Particularly preferred flame retardants used are tetraphenyldiphosphine monoxide, tetraphenyldiphosphine monosulfide, tetraphenyldiphosphine dioxide, tetraphenyldiphosphine disulfide, tetraphenyldiphosphine oxide sulfide, pentaphenylpentaphospholane, 1,1,3,3-tetramethoxy-2-phenyltriphosphine 1,3-dioxide, 1,1,3,3-tetraethoxy-2-phenyltriphosphine 1,3-dioxide, 1,1,3,3-tetraallyloxy-2-phenyltriphosphine 1,3-dioxide, or a mixture thereof.
The halogen-free, flame-retardant polymer foams of the invention generally comprise an amount in the range from 0.5 to 25% by weight, based on the polymer foam, of the cyclic or acyclic oligophosphorus compounds.

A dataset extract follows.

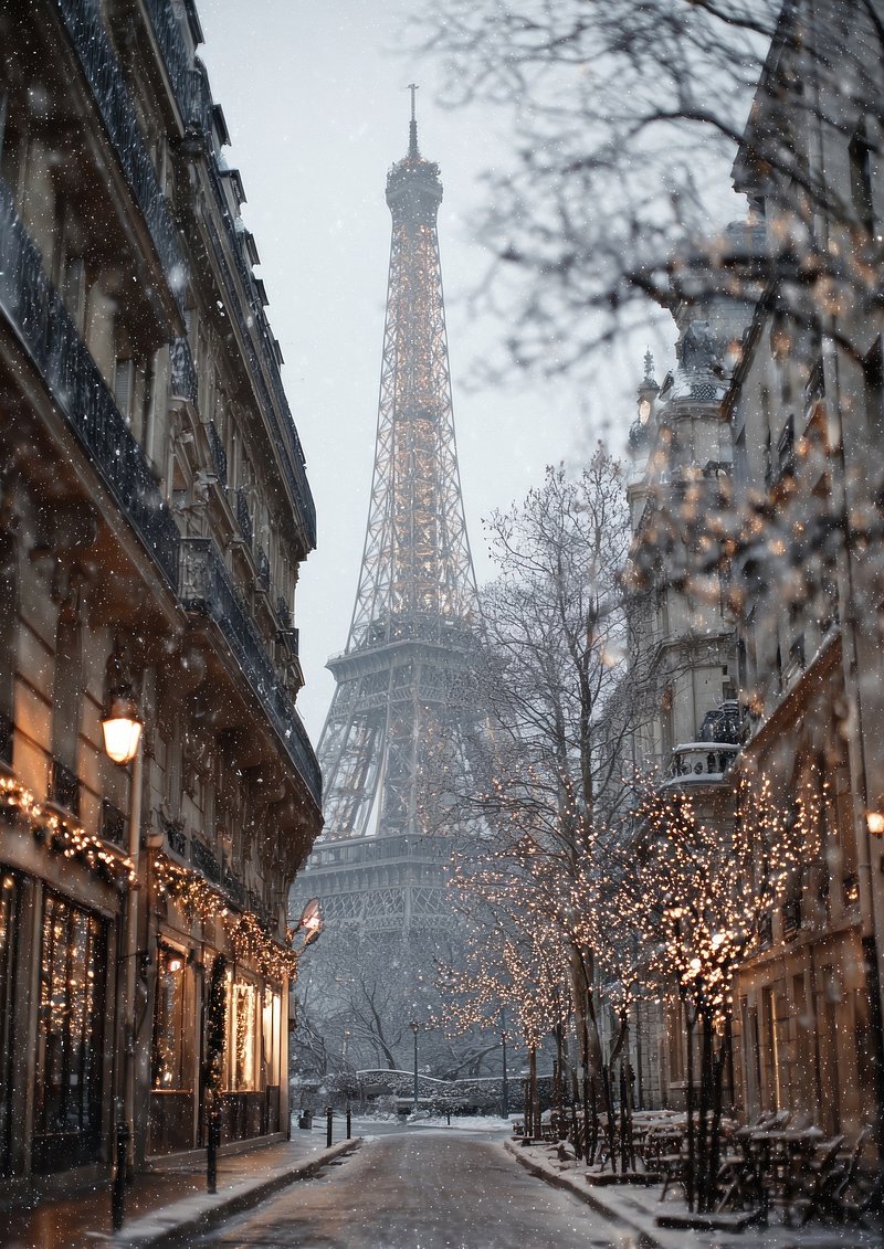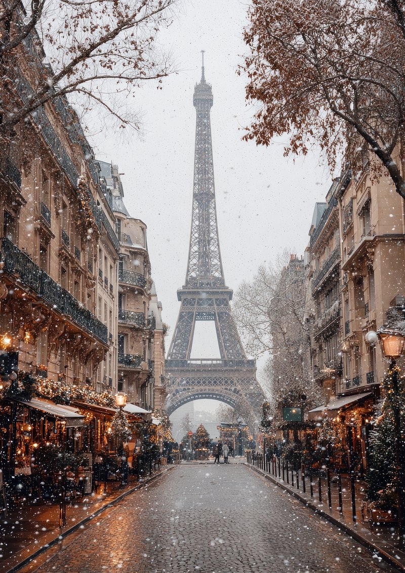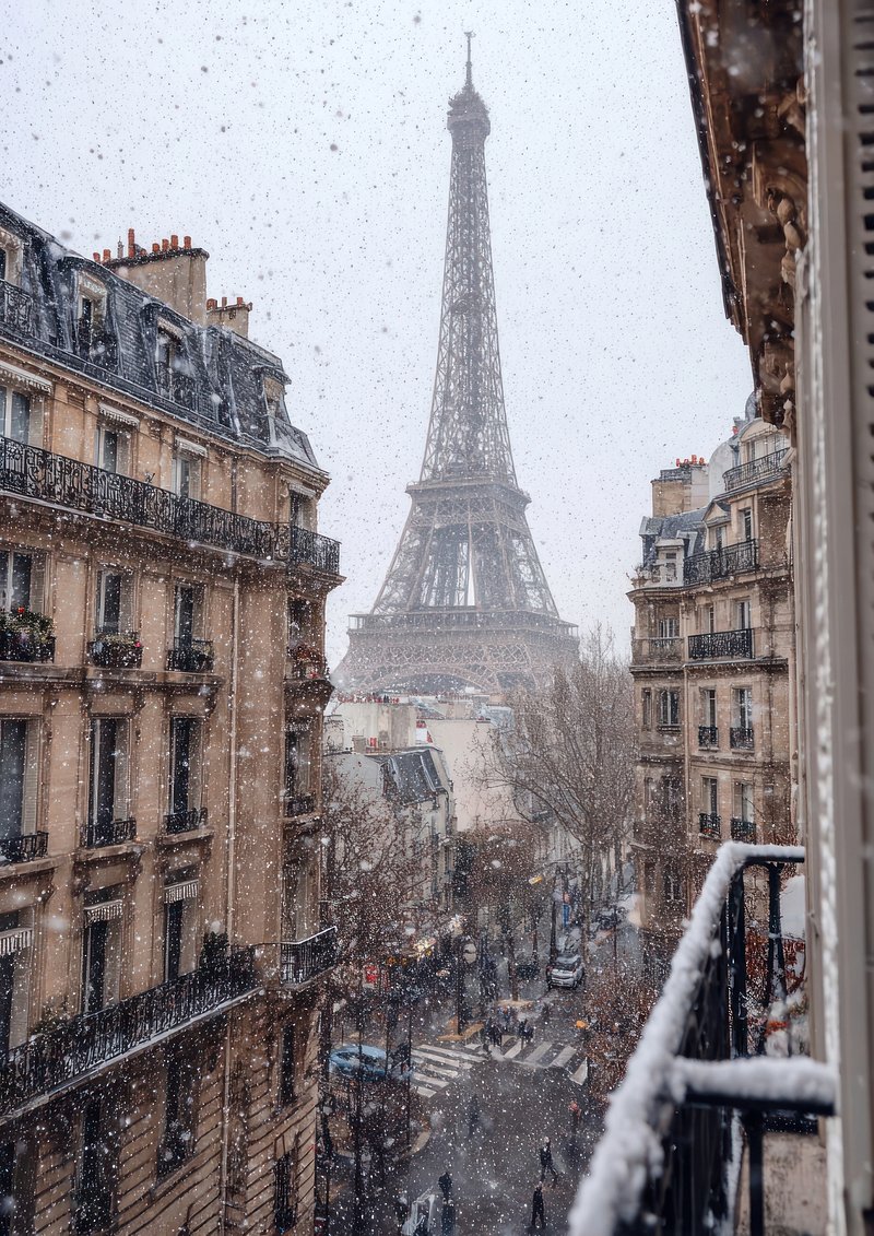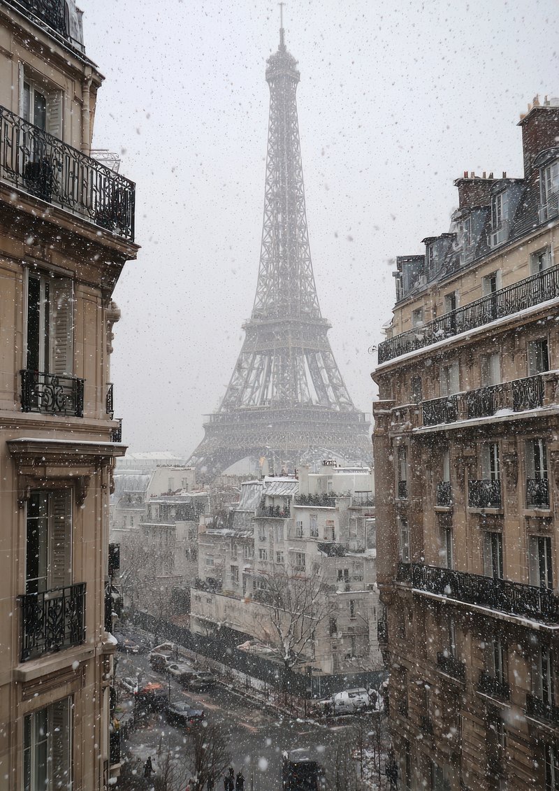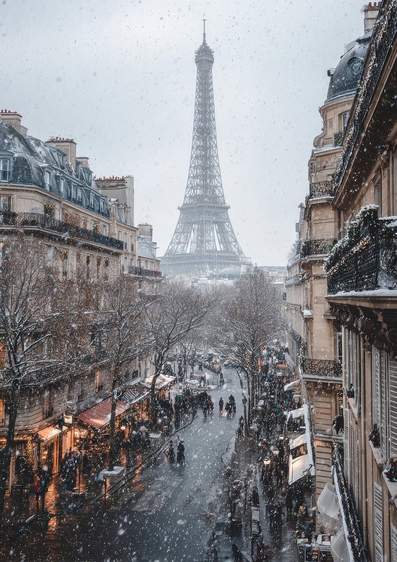 Snowy Parisian street with Eiffel. https://www.rawpixel.com/image/23202814/snowy-parisian-street-with-eiffelView license

In particular in the case of foams composed of expandable polystyrene, amounts of from 5 to 15% by weight, based on the polymer foam, ensure adequate flame retardancy.
The effectiveness of the oligophosphorus compounds can be further improved via addition of suitable flame retardant synergists, an example being the thermal free-radical generator dicumyl peroxide, di-tert-butyl peroxide, or dicumyl. It is usual here to use from 0.05 to 5 parts by weight of the flame retardant synergist in addition to the oligophosphorus compound.
It is also possible to make additional use of further flame retardants, e.g. melamine, melamine cyanurates, metal oxides, metal hydroxides, phosphates, phosphinates, expandable graphite, or synergists, such as Sb2O3 or Zn compounds. Suitable additional halogen-free flame retardants are available commercially as Exolit OP 930, Exolit OP 1312, DOPO, HCA-HQ, M-Ester Cyagard RF-1241, Cyagard RF-1243, Fyrol PMP, AIPi, Melapur 200, Melapur MC, APP.
If the polymer foam does not have to be completely halogen-free, it is possible to produce reduced-halogen-content foams by using the oligophosphorus compound of the invention and adding relatively small amounts of halogen-containing, in particular brominated, flame retardants, such as hexabromocyclodecane (HBCD), preferably in amounts in the range from 0.05 to 1% by weight, in particular from 0.1 to 0.5% by weight.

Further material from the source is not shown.